9. Felix Mendelssohn Octet in E-flat major, Op.20

Mendelssohn wrote this when he was sixteen. Mendelssohn, and his love for his sister Fanny, plays a small part in this novel for several reasons. If there is a piece of Mendelssohn's most often mentioned in Be My Wolff, it is The Hebrides (or Fingal's Cave), Op. 26, but it was the immensity of feeling and energy of the Octet that swirled about in my head in the course of writing, however, because it informed me about the boy and the man. I also listened to his sister Fanny's Piano Trio in D Major, Op 11. This man of extraordinary talents and moods and capacities died aged thirty-eight, less than six months after his beloved sister Fanny. I think the tempest of his life and his 'Hebrides Overture' and his loves much affects Rachel Wolff.
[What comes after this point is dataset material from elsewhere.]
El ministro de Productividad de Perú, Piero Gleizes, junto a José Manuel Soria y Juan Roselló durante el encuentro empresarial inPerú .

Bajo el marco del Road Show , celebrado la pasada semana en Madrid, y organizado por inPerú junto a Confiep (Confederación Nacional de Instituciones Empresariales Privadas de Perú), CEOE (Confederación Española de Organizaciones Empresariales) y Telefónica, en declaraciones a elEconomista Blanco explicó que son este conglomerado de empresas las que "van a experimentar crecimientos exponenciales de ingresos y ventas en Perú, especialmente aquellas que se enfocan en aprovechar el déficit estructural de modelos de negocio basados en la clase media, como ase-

10. The writing of Be My Wolff was a compulsive and obsessive and feverish adventure and took up many years of my life. I often lay on the floor with exhaustion and, for relaxation, would listen to Max Richter's Recomposed, his Vivaldi Four Seasons adaptation, published in 2012. It is beyond measure exhilarating and moving and I am attached to it for many reasons, amongst them my childhood memories of listening to The Four Seasons on car journeys to and from our country house in the Eastern Townships, Quebec, and my more recent interest in the man as a music teacher at the orphanage, the Ospedale della Pietà in Venice in the early 18thc, a detail about which I had been ignorant and which fed my fascination for the tardy foundation of the Foundling Hospital in London and the support it found in another remarkable composer and émigré German, George Frideric Handel.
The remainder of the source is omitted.